暴雨如注,砸在傅家老宅青瓦上的声音,像无数只急躁的手在拍打窗棂。
宗祠内的空气潮湿而凝重,弥漫着陈旧木头发霉的味道和淡淡的线香气息。烛火在穿堂风中剧烈摇曳,将傅清婉的影子拉得细长且扭曲,投射在斑驳的墙壁上,宛如某种蛰伏的兽。
她站在供桌前,指尖轻轻摩挲着那份《海神号货轮抵押合同》。
纸张已经有些泛黄,边缘还残留着被强行撕扯过的毛躁痕迹——那是江振东留下的警告,也是傅父贪婪的铁证。
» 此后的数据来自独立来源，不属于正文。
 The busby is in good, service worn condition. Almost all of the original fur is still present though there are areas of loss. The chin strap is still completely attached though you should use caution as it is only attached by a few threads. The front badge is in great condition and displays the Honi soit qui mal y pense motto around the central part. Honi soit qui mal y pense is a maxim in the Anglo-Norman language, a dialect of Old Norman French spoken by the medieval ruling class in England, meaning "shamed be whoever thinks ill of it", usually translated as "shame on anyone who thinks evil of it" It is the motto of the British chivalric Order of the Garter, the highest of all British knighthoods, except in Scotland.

但此刻,这份合同不再是一纸卖身契,而是猎手手中的诱饵。
“少奶奶,雨太大了,您小心地滑。”周妈缩在角落的阴影里,浑身颤抖,手里紧紧攥着一块湿透的手帕。她的眼神惊恐地瞥向大门,仿佛那里随时会冲进来一群吃人的恶鬼。
傅清婉没有回头,只是淡淡地应了一声:“周妈,去把门闩插上。无论听到什么声音,都不要出来。”
她的声音很轻,像羽毛落地,却带着不容置疑的冷硬。
就在这时,沉重的雕花木门被粗暴地推开。
风雨夹杂着泥水扑面而来,一个高大的身影逆光而立。江振东收起了伞,深灰色的西装剪裁考究,却难掩他眉宇间的焦躁与戾气。他手里把那枚翡翠扳指转得飞快,发出细微的咔哒声,像是在倒计时。
“傅清婉,你以为删了录音,就能高枕无忧?”
江振东大步走进宗祠,皮鞋踩在青砖上,发出清脆的回响。他目光如鹰隼般锐利,死死锁住傅清婉手中的合同,“那个第三方买家是谁?你最好给我一个解释,否则,我现在就报警,告你敲诈勒索,顺便把你公公那些见不得光的账本公之于众。”
傅清婉缓缓抬起头,眼神平静得像一潭死水。
她看着江振东,嘴角勾起一抹极淡的弧度,那笑容里没有温度,只有算计。
“江先生,您似乎搞错了一件事。”
她向前迈了一步,高跟鞋敲击地面的声音,在空旷的宗祠里显得格外清晰。
“我不是在求您放过傅家,我是在帮您止损。”
江振东愣了一下,随即冷笑出声:“止损?傅家现在是个烂摊子,谁沾上谁倒霉。除非……”他眯起眼睛,逼近傅清婉,“除非你知道那个第三方买家的底细,并且能把他摆平。”
“我知道他是谁。”傅清婉轻声说道,每个字都像算盘珠子一样精准冷酷,“他也知道您公司账目上的那些‘隐形债务’。”
这句话像是一把尖刀,瞬间刺破了江振东伪装的镇定。
他的脸色瞬间变得苍白,握着扳指的手指猛地收紧,指节泛白。
“你什么意思?”他的声音压低,带着危险的嘶哑。